DATA
»»
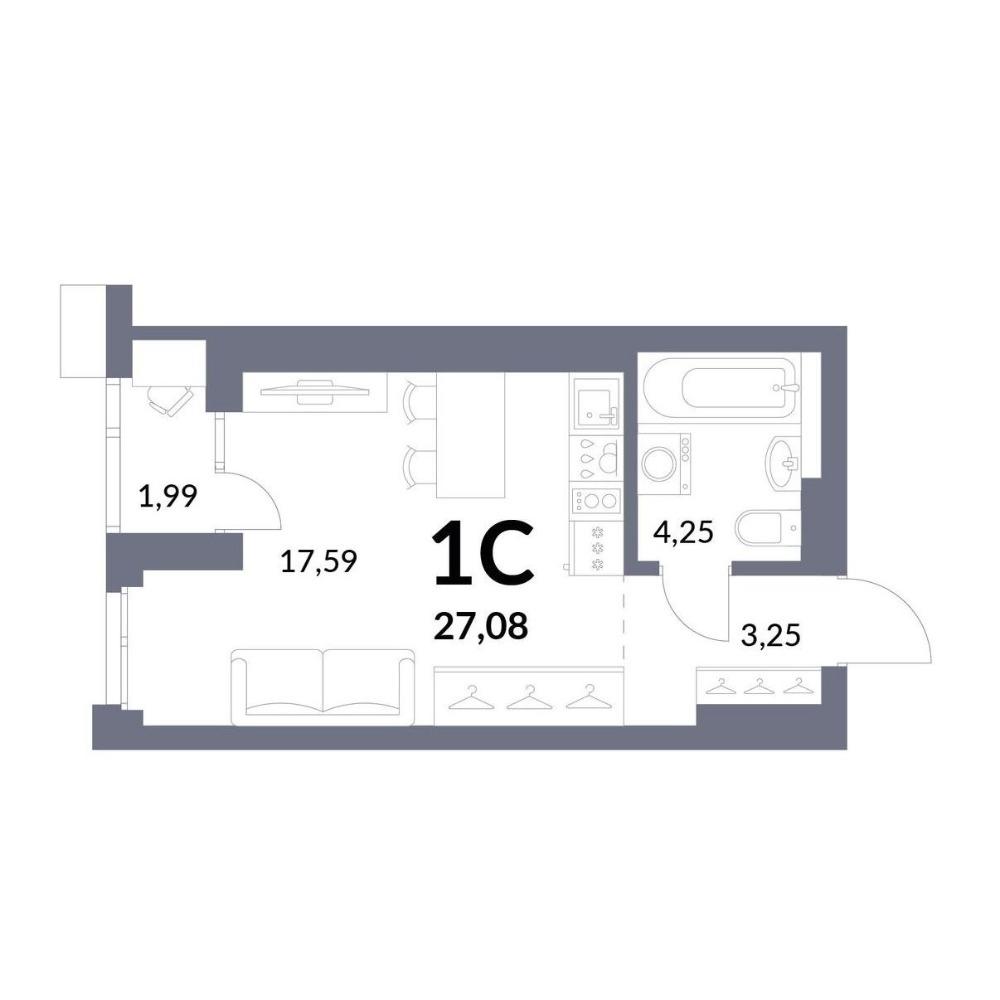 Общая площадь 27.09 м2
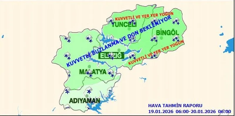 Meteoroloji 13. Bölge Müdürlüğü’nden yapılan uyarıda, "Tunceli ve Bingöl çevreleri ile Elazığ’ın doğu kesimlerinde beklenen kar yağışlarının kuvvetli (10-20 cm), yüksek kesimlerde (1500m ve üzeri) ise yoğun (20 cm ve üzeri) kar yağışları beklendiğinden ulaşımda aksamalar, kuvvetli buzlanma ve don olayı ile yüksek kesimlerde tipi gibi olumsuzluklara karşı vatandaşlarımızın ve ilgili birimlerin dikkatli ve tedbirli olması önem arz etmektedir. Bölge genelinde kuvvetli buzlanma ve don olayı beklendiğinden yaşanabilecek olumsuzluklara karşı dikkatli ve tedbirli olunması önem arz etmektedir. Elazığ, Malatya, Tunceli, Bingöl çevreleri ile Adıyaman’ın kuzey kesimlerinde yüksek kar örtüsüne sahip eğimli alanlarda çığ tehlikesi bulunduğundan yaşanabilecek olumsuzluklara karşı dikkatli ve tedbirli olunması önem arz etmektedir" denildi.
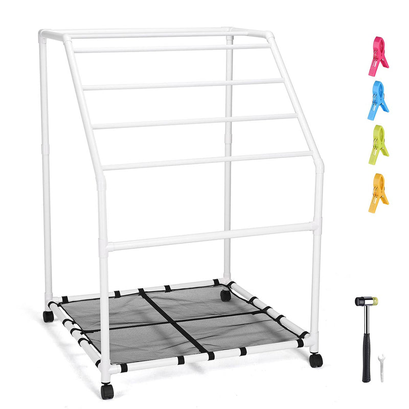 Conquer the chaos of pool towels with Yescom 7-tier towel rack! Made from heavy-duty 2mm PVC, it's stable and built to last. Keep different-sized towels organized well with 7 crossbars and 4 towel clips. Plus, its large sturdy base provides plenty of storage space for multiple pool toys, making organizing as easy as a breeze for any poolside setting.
««
DESCRIPTION OF THE TASK
Print the listing exactly, pictures excluded.

COMPLETED TASK
 Общая площадь 27.09 м2
 Meteoroloji 13. Bölge Müdürlüğü’nden yapılan uyarıda, "Tunceli ve Bingöl çevreleri ile Elazığ’ın doğu kesimlerinde beklenen kar yağışlarının kuvvetli (10-20 cm), yüksek kesimlerde (1500m ve üzeri) ise yoğun (20 cm ve üzeri) kar yağışları beklendiğinden ulaşımda aksamalar, kuvvetli buzlanma ve don olayı ile yüksek kesimlerde tipi gibi olumsuzluklara karşı vatandaşlarımızın ve ilgili birimlerin dikkatli ve tedbirli olması önem arz etmektedir. Bölge genelinde kuvvetli buzlanma ve don olayı beklendiğinden yaşanabilecek olumsuzluklara karşı dikkatli ve tedbirli olunması önem arz etmektedir. Elazığ, Malatya, Tunceli, Bingöl çevreleri ile Adıyaman’ın kuzey kesimlerinde yüksek kar örtüsüne sahip eğimli alanlarda çığ tehlikesi bulunduğundan yaşanabilecek olumsuzluklara karşı dikkatli ve tedbirli olunması önem arz etmektedir" denildi.
 Conquer the chaos of pool towels with Yescom 7-tier towel rack! Made from heavy-duty 2mm PVC, it's stable and built to last. Keep different-sized towels organized well with 7 crossbars and 4 towel clips. Plus, its large sturdy base provides plenty of storage space for multiple pool toys, making organizing as easy as a breeze for any poolside setting.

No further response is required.